Bisphosphonate therapy minimizes bone loss and reduces fracture risk by up to 50% in patients with osteoporosis,1 but it is also associated with increased risks of osteonecrosis of the jaw and atypical femoral fracture. Although atypical femoral fractures are rare, they can have a devastating effect. Patient concern about this complication has contributed to a decrease in bisphosphonate use by about half in the last decade or so,2,3 and we fear this could result in an increase in hip fracture rates.

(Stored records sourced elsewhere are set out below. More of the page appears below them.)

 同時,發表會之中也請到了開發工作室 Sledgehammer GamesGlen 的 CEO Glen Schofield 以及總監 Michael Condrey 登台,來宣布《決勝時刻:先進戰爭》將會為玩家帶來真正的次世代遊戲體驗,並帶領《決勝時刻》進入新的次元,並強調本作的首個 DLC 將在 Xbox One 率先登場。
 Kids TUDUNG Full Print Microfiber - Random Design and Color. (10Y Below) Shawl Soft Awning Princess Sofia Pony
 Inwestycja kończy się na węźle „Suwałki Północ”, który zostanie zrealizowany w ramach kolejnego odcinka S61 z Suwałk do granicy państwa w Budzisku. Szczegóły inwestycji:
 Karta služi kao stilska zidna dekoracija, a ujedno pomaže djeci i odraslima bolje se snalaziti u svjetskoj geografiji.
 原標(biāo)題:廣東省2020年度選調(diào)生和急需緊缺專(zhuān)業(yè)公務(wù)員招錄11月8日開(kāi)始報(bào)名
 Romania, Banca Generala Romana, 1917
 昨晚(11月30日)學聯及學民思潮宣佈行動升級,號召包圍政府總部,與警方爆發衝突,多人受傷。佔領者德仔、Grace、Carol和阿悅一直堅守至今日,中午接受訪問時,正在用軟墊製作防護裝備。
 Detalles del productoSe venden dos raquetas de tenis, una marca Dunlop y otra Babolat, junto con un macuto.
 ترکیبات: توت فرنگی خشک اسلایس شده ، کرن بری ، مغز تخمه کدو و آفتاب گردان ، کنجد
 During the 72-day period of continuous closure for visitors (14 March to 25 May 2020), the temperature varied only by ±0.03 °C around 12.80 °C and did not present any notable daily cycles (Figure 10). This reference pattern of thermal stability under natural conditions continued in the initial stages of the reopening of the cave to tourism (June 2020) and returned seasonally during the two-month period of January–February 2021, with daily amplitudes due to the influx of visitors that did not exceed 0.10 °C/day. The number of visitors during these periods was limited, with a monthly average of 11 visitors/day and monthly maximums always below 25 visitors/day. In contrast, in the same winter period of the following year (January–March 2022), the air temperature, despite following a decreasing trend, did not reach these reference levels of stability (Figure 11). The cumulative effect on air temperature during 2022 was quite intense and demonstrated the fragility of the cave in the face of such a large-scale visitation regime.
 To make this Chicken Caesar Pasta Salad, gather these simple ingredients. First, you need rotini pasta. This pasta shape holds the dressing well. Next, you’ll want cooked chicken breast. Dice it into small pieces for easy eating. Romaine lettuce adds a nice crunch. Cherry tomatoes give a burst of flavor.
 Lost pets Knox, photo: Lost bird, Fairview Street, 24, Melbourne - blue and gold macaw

In this article, we examine the evidence on bisphosphonate-associated atypical femoral fractures, including risks, pathogenesis, treatment, and prevention.
ATYPICAL FRACTURES INVOLVE THE FEMORAL SHAFT, NOT THE HEAD
An atypical femoral fracture is a transverse fracture of the femoral shaft (diaphysis), defined by both clinical criteria and radiographic appearance.
To be defined as atypical, a femoral fracture must meet 4 of the following 5 criteria4:
- Occurs with minimal or no trauma
- Has a predominantly transverse fracture line, originating at the lateral cortex and sometimes becoming oblique as it progresses medially across the femur
- Extends through both cortices and may be associated with a medial spike (complete fractures); or involves only the lateral cortex (incomplete fractures)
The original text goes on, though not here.